Information about rating plays a significant role in CF models [7]. Implicit and explicit types are used for rating-based RS [8]. The binary form of the score is supplied in the implicit rating. With the help of explicit rating, a multi-value-based scoring value is provided. These two types of rating information can provide knowledge in terms of sentimental and semantic when providing representation between the user and item feature. Due to data sparsity problem [9], user can have communication with the small number of items. For solving this problem, side information is comprehensively applied to enhance better data resources of the RS. The side information commonly provides textual information about an item, user’s review about an item, etc. It offers complete knowledge about user and item; it includes semantic and sentiment knowledge about the user. Result of that leads to the generation of noise to the RS model.
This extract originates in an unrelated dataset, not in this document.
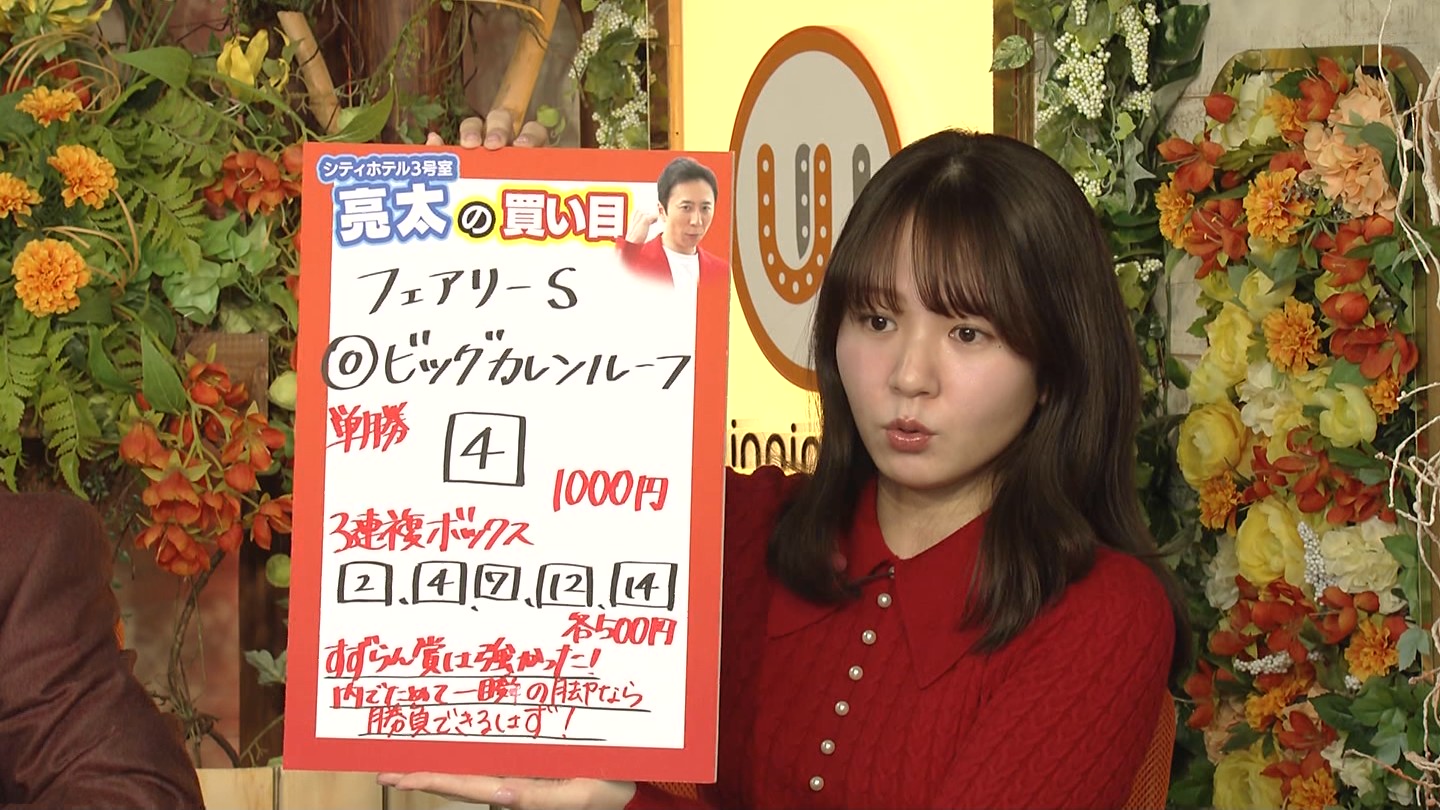 - 皆藤愛子,森千晴,舩山陽司,木和田篤(ラジオNIKKEI) 【スタジオ解説】板津雄志(サンケイスポーツ) 【中山パドック解説】京増真臣(研究ニュース) 【京都パドック解説】青木行雄(競馬ブック))

Luckily, deep learning (DL) models work in a better way to handle these noise data. Salakhutdinov et al. [10] and Wang et al. [11] focus on combining RS models with DL methods. Among the various DL methods, stacked denoising auto-encoder (SDAE) [12] is preferred by the many due to its positive generation of result in particular with extracting information from textual data. SDAE has been applied to select the various content features of items, which is validated by comparing it with different traditional methods. For training RS, both the implicit ratings and the explicit ratings are used. In most of the conventional approaches, the side information is not adequately applied to generate effective results.

In this paper, to handle three kinds of information, namely implicit rating, explicit rating and side information, we proposed a novel classification model called hybrid Bayesian stacked denoising auto-encoder (HBSADE), which is incorporated with MF representation. In the following sections, we introduce the sub-models. One sub-model is used for combining the explicit rating and side information, whereas the other sub-model is integrating the implicit rating and side information.

This article’s significant contributions are listed as follows:

  • Proposed recommendation system is used to explore the point-of-latent-interest distribution of the users’ through sparse latent Dirichlet allocation (sparse LDA) received from the textual review. Accordingly, this system generates personalized recommendations from learned interest.

  • Through improving the prediction accuracy, the proposed system obtains factors for both the textual and contextual review information for items with the help of a conditional neural network.

  • The proposed system uses neural generalized matrix factorization (NGMF) to determine low-rank characteristic vector values for both the users and the items.

  • By applying stochastic gradient descent (SGD), the optimized list of candidates is generated with the exponential growth of local minima.

  • A three-layer stack-based denoising auto-encoder (SDAE) model is utilized to rank top-N recommendation by taking into account different information.

  • The proposed method uses a novel hybrid approach that recognizes the latent interests of the user and analyzes contextual reviews. It outperforms existing methodologies PMF, CDL and CMF over Amazon-b and Book-Crossing datasets.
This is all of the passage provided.